Como é o seu dia a dia? Você dá assistência ainda ou fica só na administração? Como divide pesquisa, ensino, extensão, empreendedorismo e família?

Talvez não estaria atuando e nem feliz por continuar médico se não tivesse uma retaguarda digital e um time de colaboradores. Somos uns mil colaboradores, sem hierarquia. Por isso consigo dividir meu tempo. Faço cardiologia, faço cardiologia intervencionista, participo de pesquisa clínica, sento à mesa no conselho do complexo, então eu escuto sobre gestão. Consigo ser um médico muito mais feliz porque estou visitando outros silos. Outro dia estava num debate com uma colega que atua em Harvard, no Massachusetts General Hospital e ela (Fabiola Macruz) deu um conselho interessante. Perguntaram como ela administra a vida e ela disse que temos que ser híbridos. Então, o fato de ser híbrido me permite “andar” por esses ambientes com prazer. A grande questão é essa: se você tem prazer no que faz, entende cada peça que compõe o todo. Eu acredito que o cérebro e a mente humana se comportam integrados e conseguem entregar muito mais quando você faz essa multidisciplinaridade. Divido mais ou menos 20% do meu tempo para cada uma dessas atividades. Participo de reuniões riquíssimas em que você recebe e entrega informações para propulsão desse conhecimento, que não pode ser mais segmentado em silos. Ele tem que ser abrangente e conectado por esse tecido que a gente chama de tecido cósmico, porque é um tecido de informação que você não sabe de onde vem, mas contribui. Atuo em todas as áreas. Sou casado, tenho dois filhos (como casei tarde, tenho um filho de dez anos e uma filha de dois e não terceirizo meus filhos). Fim de semana não tenho ninguém pra ajudar: eu quem cuido, que fico com menino no colo, e é uma delícia ficar com menino no colo. Essa energia que você troca com a criança, o exemplo que você dá, o convívio que você tem com elas é muito projetado pra sua vida profissional e isto ajuda muito.
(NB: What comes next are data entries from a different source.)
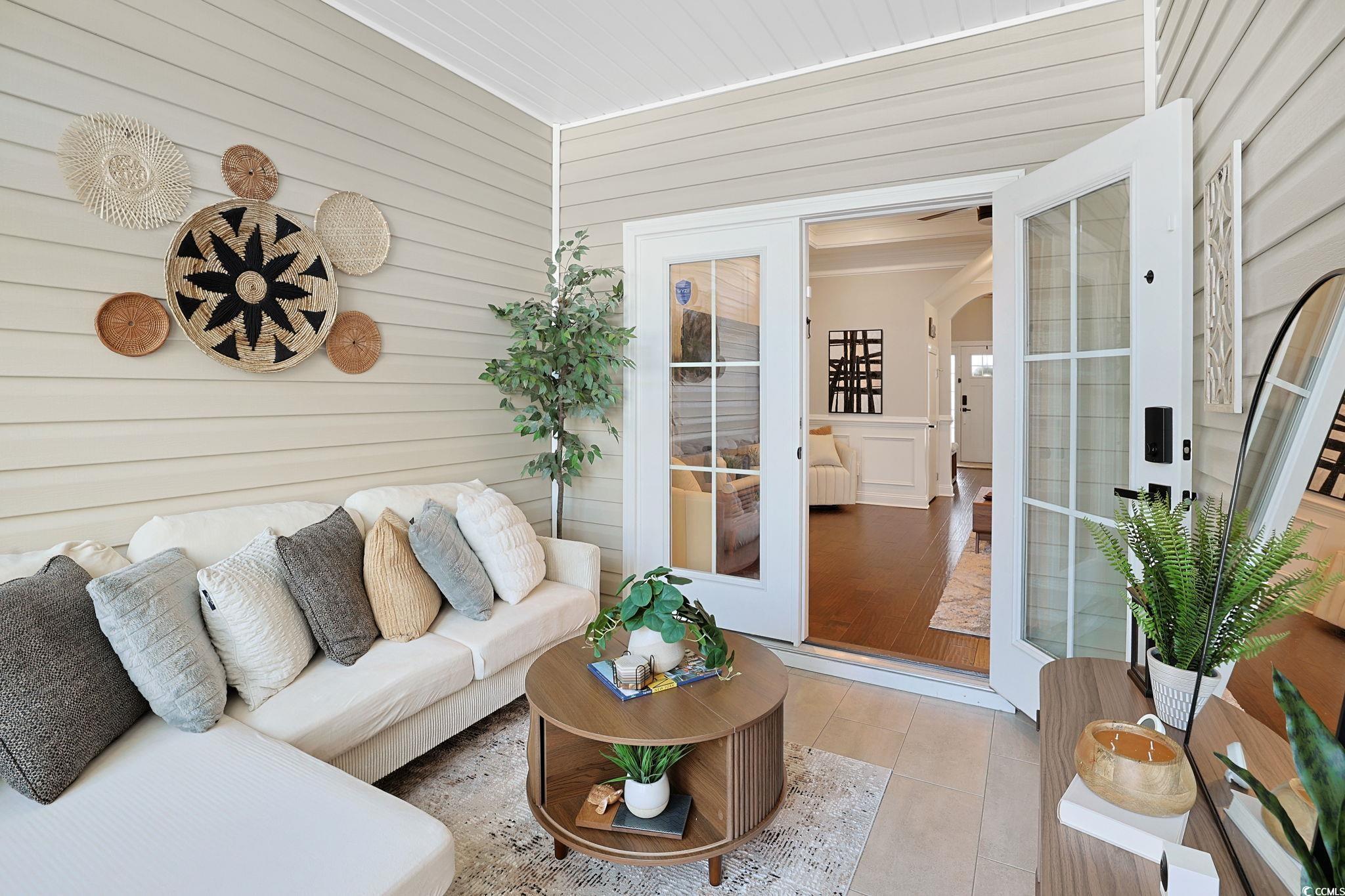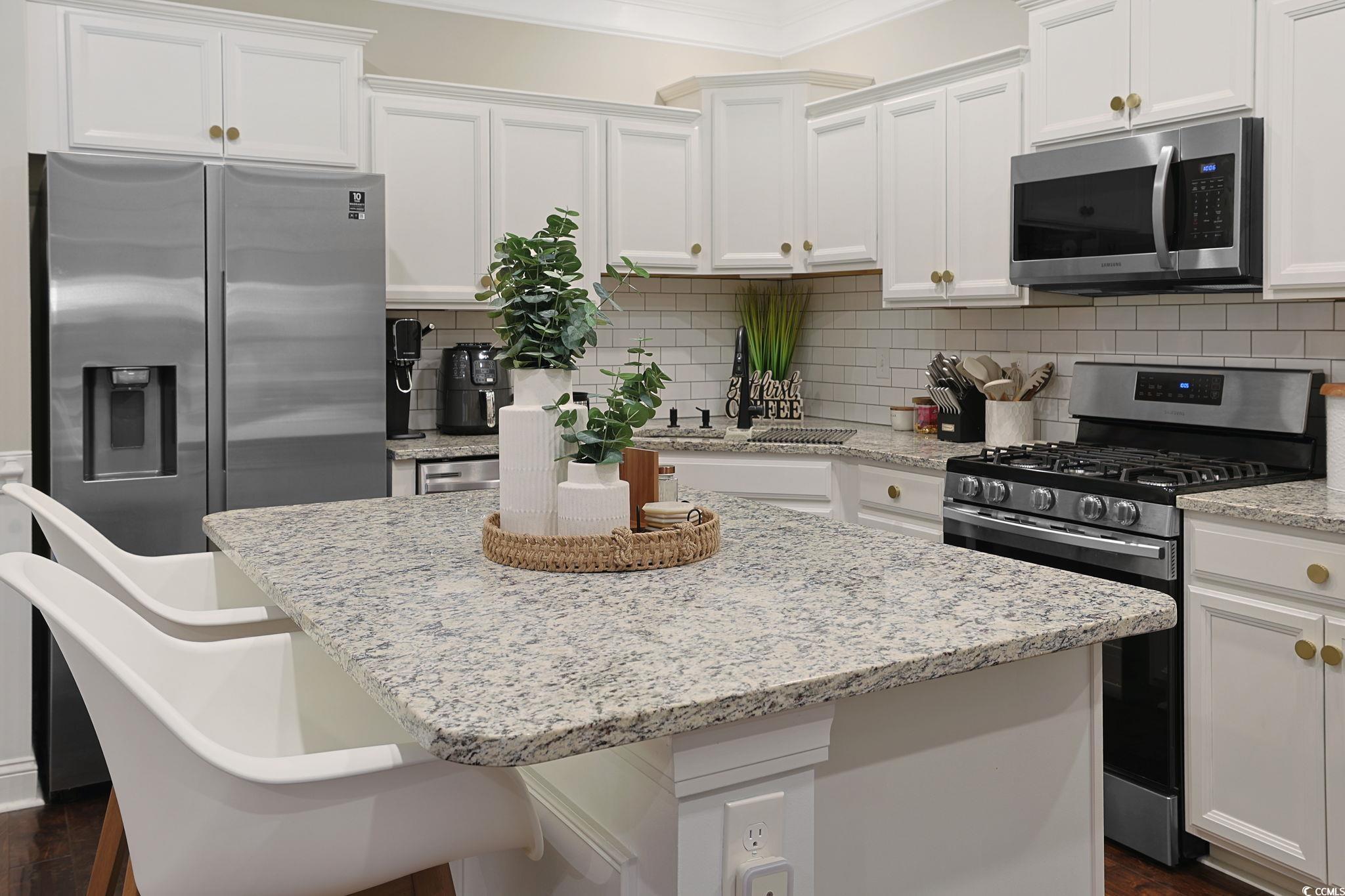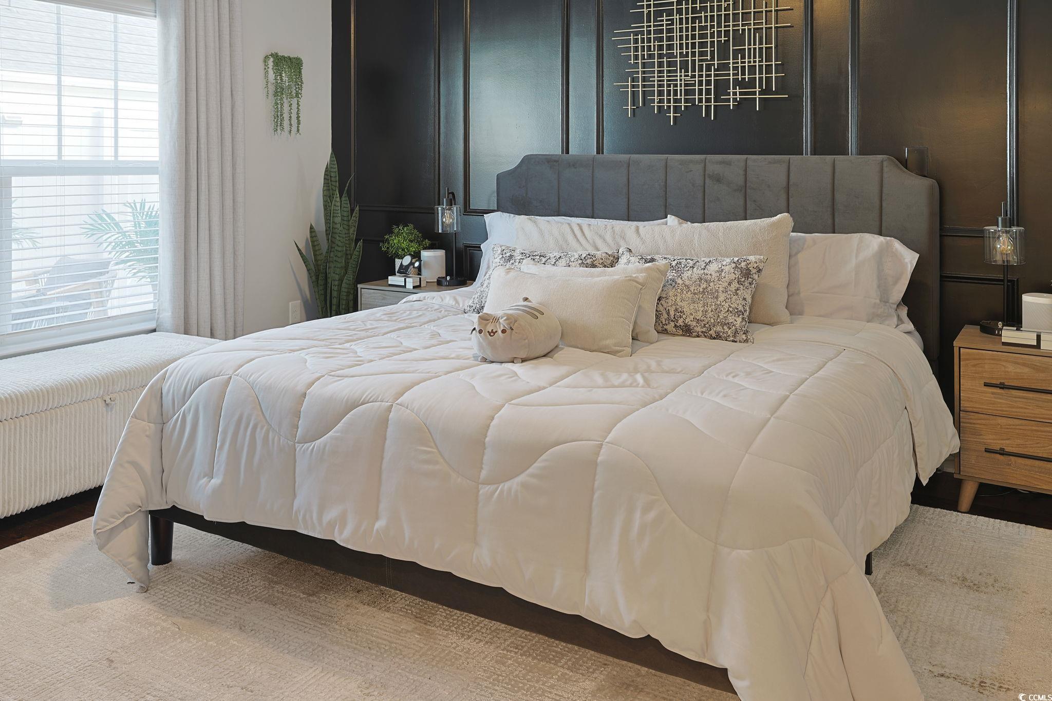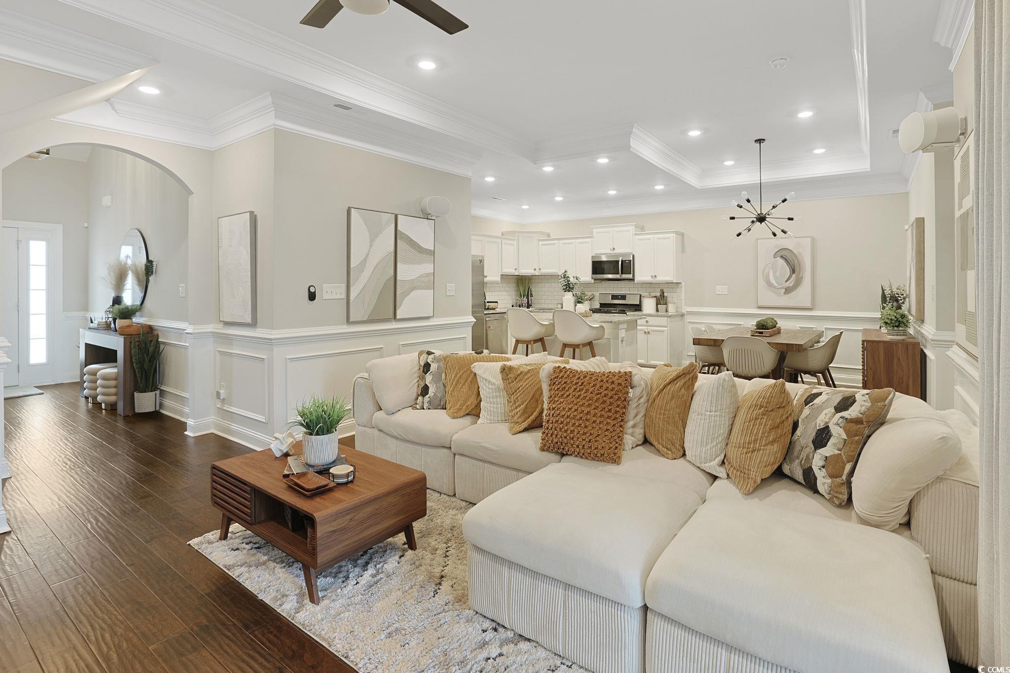 Presenting this luxurious 3 bedroom 2.5 bath townhome located in the very popular Queens Court community. This piece of paradise features an open floor plan with engineered wood & tile flooring, smooth flat 9 foot ceilings, elegant chair railing with shadow box paneling, crown moulding, recessed lighting, a guest powder room, a formal dining area, and a comfortable living room that showcases a sliding glass door that opens up to the delightful sunroom. The family friendly kitchen is equipped with a stainless steel appliance package that includes a gas range, built-in microwave, dishwasher, refrigerator, granite counter tops, a kitchen island, a breakfast bar, cabinets topped with crown moulding, and a practical pantry. The main level primary suite offers a rectangular raised-panel wainscoting that covers the full height of the wall (floor-to-ceiling), creating a dramatic backdrop. The panels are framed with crisp molding and painted in a high-gloss finish, which gives the wall depth and a luxurious feel, single step tray ceiling with a fan, private access to the double door primary bath hosting a vanity with dual sinks, a water closet, a deluxe step-in shower, and a large walk-in closet. As you venture upstairs you will find a memorable second master suite offering a ceiling fan, nice sized closet, and private access to a full bath. The second level is completed with an additional bedroom, a full guest bath, and a versatile bonus room. The main level of this exquisite home also includes a delightful back patio with a gas grill, lots of extra closet spaces, a laundry room, and a two car attached garage. This townhome affords you easy access to the beach and golfing along with all of the other activities and happenings in Myrtle Beach including fun eateries, award winning off-Broadway shows, public fishing piers, and intriguing shopping adventures along the Grand Strand. Conveniently located to your everyday needs, including grocery stores, banks, post offices, medical centers, doctors offices, and pharmacies. Check out our state of the art 3-D Virtual Tour.
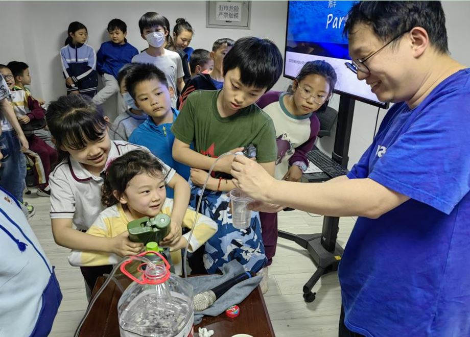在互动问答环节中,孩子们踊跃提问,现场气氛热烈。随后,在我所科研人员的指导下,大家分组参与了海水淡化装置动手操作,利用简易装置模拟了海水淡化过程,将海水转化为清澈的淡水。此次科普活动不仅让居民了解海水淡化的科学原理和应用价值,还增强了大家的环保理念,进一步提升了节水意识。
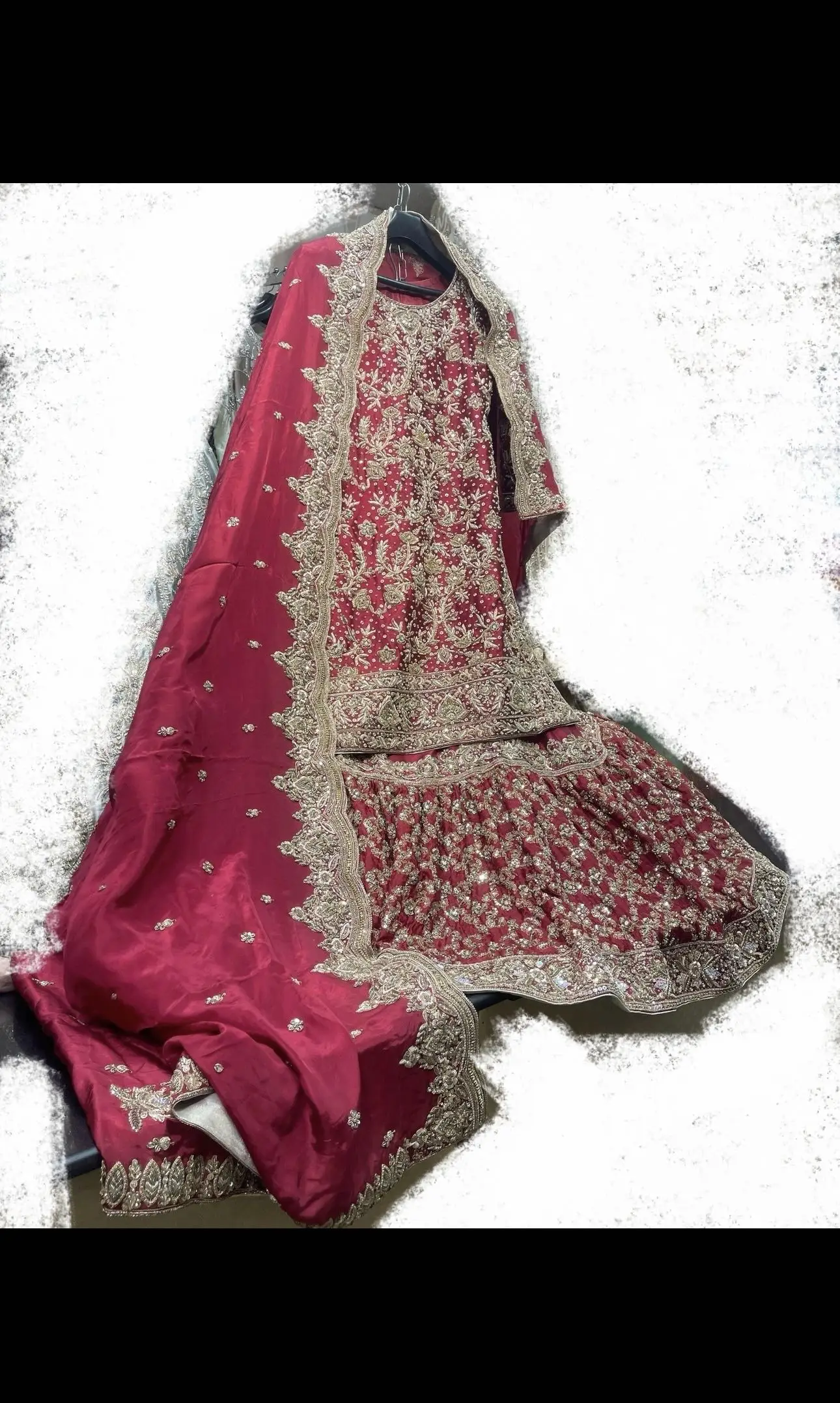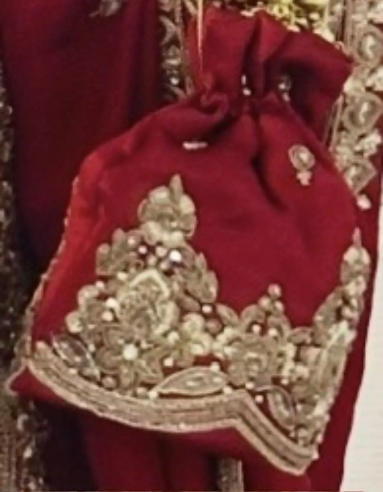 ⭐️ Lengha with mini trail ⭐️ Traditional long kameez ⭐️ Silk dupatta, with beautiful boarder ⭐️ Same colour and design as dress potli bridal pouch ⭐️ Size: small ⭐️ Please note: this item is brand new, not worn even once. Dress did not arrive in time for the event. ⭐️ Excellant, brand new condition
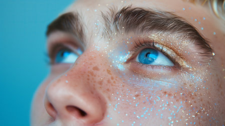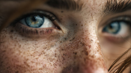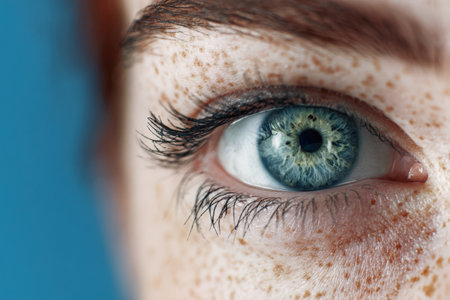 Detailed close-up of blue eye with freckles, highlighting vibrant colors and textures against a soft blue background, capturing natural beauty and individuality
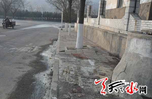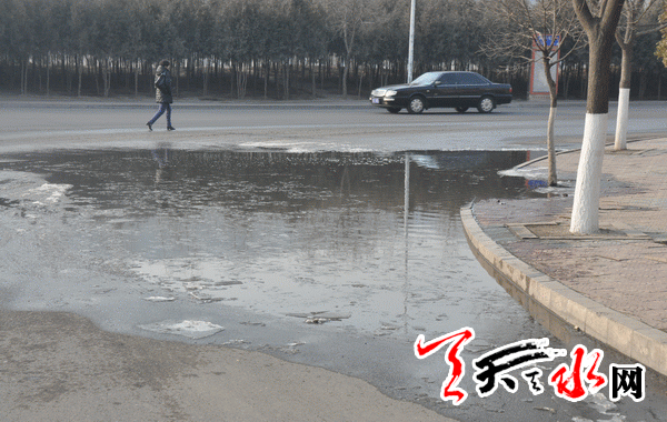 ????接到反映,記者來到藉河北路與迎賓橋左側(cè)的岔路口處,看到路面低洼處聚集著一大灘污水,污水呈黑黃色,上面飄著一些浮冰。人一走近,一股臭味就直鉆鼻腔。這灘污水占據(jù)了機(jī)動車道的一半路面,來往的車輛都遠(yuǎn)遠(yuǎn)地避開污水灘而行。
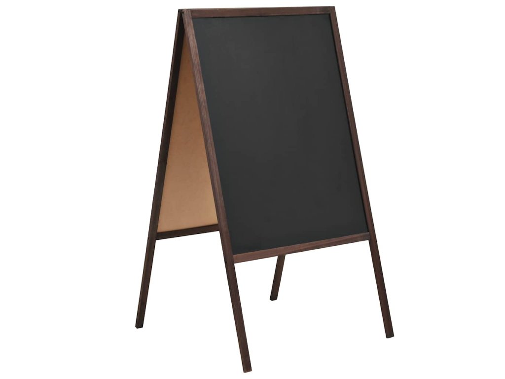 Táto tabuľa v tvare A je obojstranná, takže poskytuje dostatok priestoru na zobrazenie potrebných informácií. Plocha na písanie je hladká a dá sa jednoducho čistiť. Panely sú plne orámované pevným cédrovým drevom, takže sú stabilné a trvácne. Vďaka svojej kompaktnej veľkosti a nízkej hmotnosti táto tabuľa ušetrí priestor a dá sa jednoducho premiestňovať.
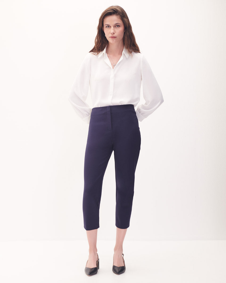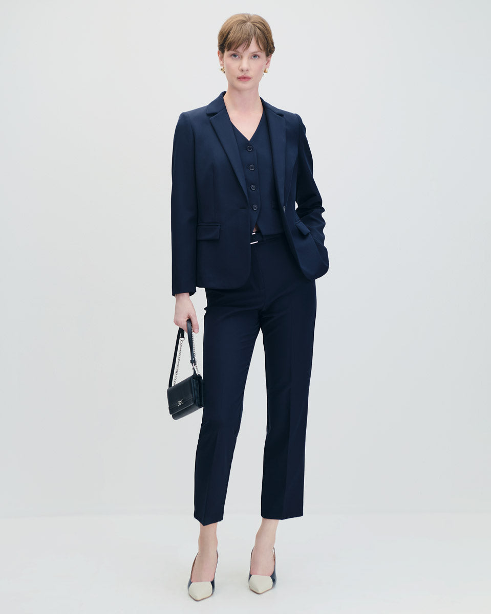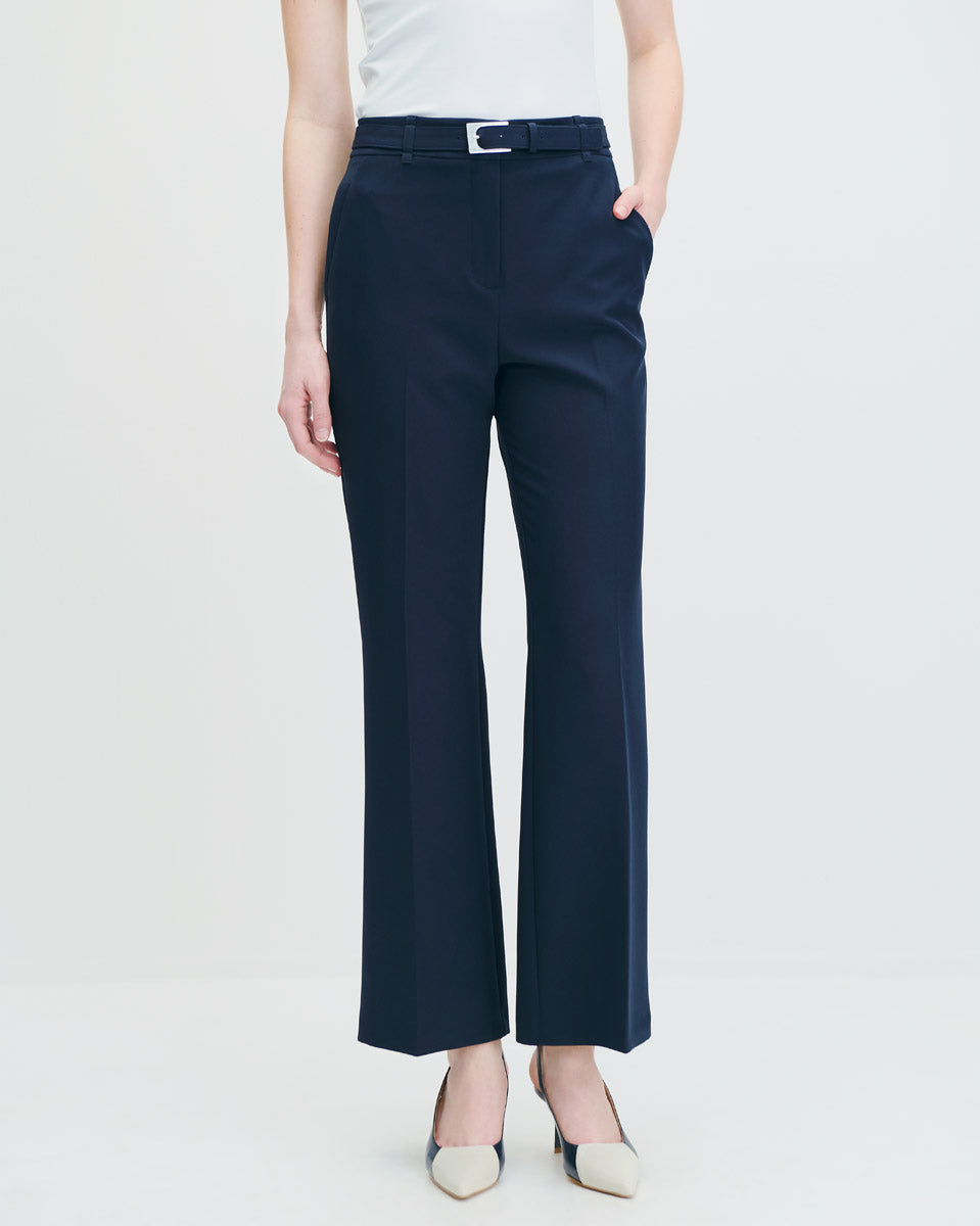 Pantalón Recto Tiro Alto De Punto Azul Marino
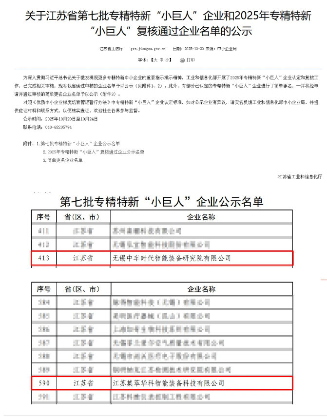 近日,國家工業(yè)和信息化部公示了最新一批國家級(jí)專精特新 “小巨人” 企業(yè)名單,我院衍生孵化企業(yè)江蘇集萃華科智能裝備科技有限公司、無錫中車時(shí)代智能裝備研究院有限公司成功通過評(píng)審認(rèn)定,正式躋身國家級(jí)專精特新 “小巨人” 企業(yè)行列,這是繼黎曼機(jī)器人后我院衍生孵化企業(yè)再次獲此殊榮,也標(biāo)志著兩家企業(yè)的綜合實(shí)力與行業(yè)影響力獲得國家層面的高度認(rèn)可。
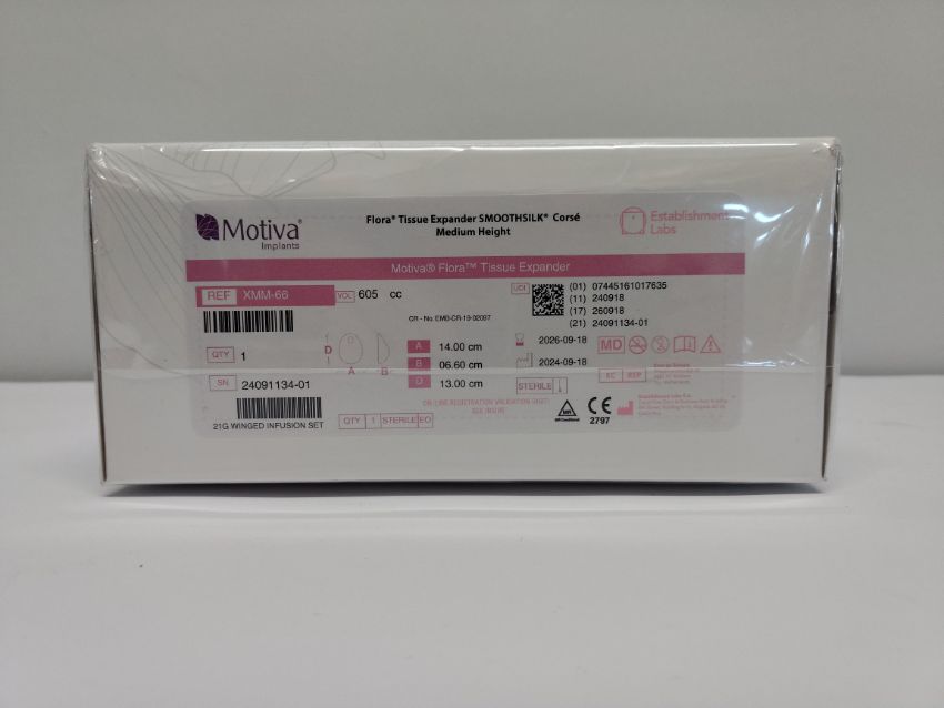 An as new Motiva Implants Flora tissue expander SMOOTHSILK corse medium height (REF: XMM-66, EXP 2026-09-18).

Procuro entregar um modelo de saúde que atenda ao nosso filho, você entende a dor da sua mãe. Então, nossos receptores sensoriais são diversificados e essa diversificação faz parte da conquista da felicidade, e a conquista da felicidade é ter essa diversificação.

(Entrevista concedida para o médico Lorenzo Tomé, do Saúde Digital Podcast. Transcrita e editada por Serifa Comunicação).